→ **Your instructions**
In the records below, find the line that contains "360° Swivel Design: With" and the line that contains "KTXR, 该图像描绘了一个". Set down exactly those lines and every line between them, and nothing more.

** Record set follows **

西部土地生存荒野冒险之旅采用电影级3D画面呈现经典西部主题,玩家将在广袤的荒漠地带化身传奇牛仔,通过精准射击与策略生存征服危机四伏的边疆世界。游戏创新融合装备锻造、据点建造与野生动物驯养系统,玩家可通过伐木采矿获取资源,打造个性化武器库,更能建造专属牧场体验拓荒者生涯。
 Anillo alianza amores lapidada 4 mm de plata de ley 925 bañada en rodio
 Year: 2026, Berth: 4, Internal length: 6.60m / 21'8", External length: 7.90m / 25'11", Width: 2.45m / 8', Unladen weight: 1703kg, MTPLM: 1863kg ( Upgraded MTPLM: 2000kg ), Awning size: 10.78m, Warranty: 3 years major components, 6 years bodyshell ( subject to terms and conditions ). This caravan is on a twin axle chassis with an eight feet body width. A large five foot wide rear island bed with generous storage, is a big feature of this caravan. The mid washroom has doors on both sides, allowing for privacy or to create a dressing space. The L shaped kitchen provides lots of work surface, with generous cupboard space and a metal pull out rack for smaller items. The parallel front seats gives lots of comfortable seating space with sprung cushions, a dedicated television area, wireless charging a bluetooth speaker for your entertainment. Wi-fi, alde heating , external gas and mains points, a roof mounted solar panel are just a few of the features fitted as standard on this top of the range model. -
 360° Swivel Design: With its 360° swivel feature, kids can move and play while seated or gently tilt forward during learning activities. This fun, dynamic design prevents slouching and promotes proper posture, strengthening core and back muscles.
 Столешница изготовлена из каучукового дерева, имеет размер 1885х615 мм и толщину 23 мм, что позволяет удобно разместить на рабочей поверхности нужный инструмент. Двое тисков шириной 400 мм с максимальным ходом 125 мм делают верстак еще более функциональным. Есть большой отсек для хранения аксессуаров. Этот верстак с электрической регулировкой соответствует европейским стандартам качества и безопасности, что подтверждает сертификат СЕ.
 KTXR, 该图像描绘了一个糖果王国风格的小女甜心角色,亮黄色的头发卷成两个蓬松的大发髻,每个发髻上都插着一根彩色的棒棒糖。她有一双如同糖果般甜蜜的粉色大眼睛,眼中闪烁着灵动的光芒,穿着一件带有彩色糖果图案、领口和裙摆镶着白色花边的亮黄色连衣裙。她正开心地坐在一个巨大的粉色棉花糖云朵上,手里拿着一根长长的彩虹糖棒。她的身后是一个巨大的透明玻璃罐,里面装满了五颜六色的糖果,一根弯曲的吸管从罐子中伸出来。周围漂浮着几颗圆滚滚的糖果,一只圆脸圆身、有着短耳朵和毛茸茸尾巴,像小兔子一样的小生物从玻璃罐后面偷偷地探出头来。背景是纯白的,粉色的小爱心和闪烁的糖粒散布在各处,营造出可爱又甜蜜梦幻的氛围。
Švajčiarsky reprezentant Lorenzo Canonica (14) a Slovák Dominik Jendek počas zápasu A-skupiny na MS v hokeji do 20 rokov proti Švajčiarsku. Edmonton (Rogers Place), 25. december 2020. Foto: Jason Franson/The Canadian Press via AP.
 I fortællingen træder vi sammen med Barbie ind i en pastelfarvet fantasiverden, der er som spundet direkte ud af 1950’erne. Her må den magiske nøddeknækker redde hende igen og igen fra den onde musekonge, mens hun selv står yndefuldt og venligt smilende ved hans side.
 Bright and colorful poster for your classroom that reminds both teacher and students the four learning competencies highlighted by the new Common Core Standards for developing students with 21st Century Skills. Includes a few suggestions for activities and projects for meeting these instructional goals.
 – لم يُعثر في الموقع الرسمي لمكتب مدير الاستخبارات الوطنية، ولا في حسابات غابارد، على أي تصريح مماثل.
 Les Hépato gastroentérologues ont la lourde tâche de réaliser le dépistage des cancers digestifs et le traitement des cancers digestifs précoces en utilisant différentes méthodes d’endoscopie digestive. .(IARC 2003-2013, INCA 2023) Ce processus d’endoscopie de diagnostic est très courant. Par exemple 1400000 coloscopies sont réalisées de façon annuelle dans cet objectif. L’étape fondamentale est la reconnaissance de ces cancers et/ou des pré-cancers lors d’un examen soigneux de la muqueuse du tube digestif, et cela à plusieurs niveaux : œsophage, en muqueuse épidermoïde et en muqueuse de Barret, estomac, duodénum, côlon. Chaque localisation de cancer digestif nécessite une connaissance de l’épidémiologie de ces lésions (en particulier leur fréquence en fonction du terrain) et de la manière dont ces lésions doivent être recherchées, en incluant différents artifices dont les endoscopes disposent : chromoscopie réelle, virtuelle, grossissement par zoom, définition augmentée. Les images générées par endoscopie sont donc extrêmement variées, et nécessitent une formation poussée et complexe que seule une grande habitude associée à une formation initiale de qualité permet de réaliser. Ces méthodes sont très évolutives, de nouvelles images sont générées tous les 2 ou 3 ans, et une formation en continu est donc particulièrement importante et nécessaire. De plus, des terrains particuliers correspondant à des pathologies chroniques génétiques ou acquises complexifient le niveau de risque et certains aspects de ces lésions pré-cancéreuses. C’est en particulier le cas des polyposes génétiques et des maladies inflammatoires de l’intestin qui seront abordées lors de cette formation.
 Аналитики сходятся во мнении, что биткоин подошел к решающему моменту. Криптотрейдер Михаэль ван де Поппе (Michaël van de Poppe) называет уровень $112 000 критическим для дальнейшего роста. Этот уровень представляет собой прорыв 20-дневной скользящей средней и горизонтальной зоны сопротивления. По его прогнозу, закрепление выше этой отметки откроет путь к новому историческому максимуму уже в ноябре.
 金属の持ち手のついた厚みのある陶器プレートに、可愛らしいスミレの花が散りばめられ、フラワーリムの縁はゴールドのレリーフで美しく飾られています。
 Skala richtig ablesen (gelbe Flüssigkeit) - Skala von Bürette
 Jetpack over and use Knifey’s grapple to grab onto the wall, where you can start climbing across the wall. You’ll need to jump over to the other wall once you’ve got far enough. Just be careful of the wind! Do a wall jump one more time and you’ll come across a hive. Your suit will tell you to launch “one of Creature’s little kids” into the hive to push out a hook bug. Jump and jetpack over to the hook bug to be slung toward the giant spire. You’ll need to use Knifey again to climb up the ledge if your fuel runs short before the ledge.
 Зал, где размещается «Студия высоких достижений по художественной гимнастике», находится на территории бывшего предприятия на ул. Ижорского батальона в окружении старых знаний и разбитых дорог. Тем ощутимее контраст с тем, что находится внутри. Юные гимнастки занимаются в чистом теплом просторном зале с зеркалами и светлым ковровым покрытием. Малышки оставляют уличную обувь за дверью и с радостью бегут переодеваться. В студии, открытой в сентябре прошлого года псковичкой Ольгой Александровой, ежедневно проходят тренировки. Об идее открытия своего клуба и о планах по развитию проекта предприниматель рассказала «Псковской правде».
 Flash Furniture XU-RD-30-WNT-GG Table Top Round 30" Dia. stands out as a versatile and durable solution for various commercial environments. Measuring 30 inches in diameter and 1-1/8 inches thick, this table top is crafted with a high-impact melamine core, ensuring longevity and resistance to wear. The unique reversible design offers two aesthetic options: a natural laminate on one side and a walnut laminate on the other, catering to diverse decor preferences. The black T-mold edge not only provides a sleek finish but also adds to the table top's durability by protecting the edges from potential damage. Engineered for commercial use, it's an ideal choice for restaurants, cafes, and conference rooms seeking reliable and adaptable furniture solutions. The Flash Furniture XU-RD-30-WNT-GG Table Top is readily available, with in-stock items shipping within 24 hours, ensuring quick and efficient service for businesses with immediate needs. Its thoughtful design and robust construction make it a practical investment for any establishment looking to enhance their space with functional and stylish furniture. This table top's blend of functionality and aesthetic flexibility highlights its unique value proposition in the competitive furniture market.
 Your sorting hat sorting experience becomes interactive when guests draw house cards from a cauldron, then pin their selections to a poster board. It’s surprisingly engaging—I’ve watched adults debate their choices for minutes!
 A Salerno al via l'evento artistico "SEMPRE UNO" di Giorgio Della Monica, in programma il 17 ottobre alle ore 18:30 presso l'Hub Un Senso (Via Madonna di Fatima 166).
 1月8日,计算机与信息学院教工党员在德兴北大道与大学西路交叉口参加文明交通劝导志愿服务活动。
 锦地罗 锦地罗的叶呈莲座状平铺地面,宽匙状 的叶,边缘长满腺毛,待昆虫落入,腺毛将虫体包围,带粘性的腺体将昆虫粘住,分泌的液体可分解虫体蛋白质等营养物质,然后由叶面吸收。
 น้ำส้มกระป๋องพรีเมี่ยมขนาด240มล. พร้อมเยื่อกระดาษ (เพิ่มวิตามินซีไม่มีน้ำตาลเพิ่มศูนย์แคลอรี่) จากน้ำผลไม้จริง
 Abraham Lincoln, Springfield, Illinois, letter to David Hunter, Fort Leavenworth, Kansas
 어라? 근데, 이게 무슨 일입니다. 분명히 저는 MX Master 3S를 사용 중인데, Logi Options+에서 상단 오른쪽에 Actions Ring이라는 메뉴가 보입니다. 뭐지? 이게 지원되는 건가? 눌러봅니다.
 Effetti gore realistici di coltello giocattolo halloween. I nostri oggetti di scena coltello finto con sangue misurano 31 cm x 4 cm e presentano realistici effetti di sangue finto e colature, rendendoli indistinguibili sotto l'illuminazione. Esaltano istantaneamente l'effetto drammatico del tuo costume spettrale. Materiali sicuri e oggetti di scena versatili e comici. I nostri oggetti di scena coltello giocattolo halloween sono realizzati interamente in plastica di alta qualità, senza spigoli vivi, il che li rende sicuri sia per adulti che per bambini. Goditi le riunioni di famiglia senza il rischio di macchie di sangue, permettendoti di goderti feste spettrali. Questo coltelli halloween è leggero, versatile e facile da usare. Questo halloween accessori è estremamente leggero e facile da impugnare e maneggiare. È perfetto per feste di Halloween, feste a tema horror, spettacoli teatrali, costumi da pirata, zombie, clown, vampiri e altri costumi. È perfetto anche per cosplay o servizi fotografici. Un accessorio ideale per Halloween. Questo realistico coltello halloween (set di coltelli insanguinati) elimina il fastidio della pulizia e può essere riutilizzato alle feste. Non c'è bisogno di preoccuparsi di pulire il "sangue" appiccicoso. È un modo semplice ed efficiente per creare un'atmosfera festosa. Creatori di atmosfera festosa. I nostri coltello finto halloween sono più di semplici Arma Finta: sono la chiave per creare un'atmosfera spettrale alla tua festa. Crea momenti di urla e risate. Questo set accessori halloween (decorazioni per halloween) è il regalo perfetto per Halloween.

** End of Record set **

→ **Task output**
 360° Swivel Design: With its 360° swivel feature, kids can move and play while seated or gently tilt forward during learning activities. This fun, dynamic design prevents slouching and promotes proper posture, strengthening core and back muscles.
 Столешница изготовлена из каучукового дерева, имеет размер 1885х615 мм и толщину 23 мм, что позволяет удобно разместить на рабочей поверхности нужный инструмент. Двое тисков шириной 400 мм с максимальным ходом 125 мм делают верстак еще более функциональным. Есть большой отсек для хранения аксессуаров. Этот верстак с электрической регулировкой соответствует европейским стандартам качества и безопасности, что подтверждает сертификат СЕ.
 KTXR, 该图像描绘了一个糖果王国风格的小女甜心角色,亮黄色的头发卷成两个蓬松的大发髻,每个发髻上都插着一根彩色的棒棒糖。她有一双如同糖果般甜蜜的粉色大眼睛,眼中闪烁着灵动的光芒,穿着一件带有彩色糖果图案、领口和裙摆镶着白色花边的亮黄色连衣裙。她正开心地坐在一个巨大的粉色棉花糖云朵上,手里拿着一根长长的彩虹糖棒。她的身后是一个巨大的透明玻璃罐,里面装满了五颜六色的糖果,一根弯曲的吸管从罐子中伸出来。周围漂浮着几颗圆滚滚的糖果,一只圆脸圆身、有着短耳朵和毛茸茸尾巴,像小兔子一样的小生物从玻璃罐后面偷偷地探出头来。背景是纯白的,粉色的小爱心和闪烁的糖粒散布在各处,营造出可爱又甜蜜梦幻的氛围。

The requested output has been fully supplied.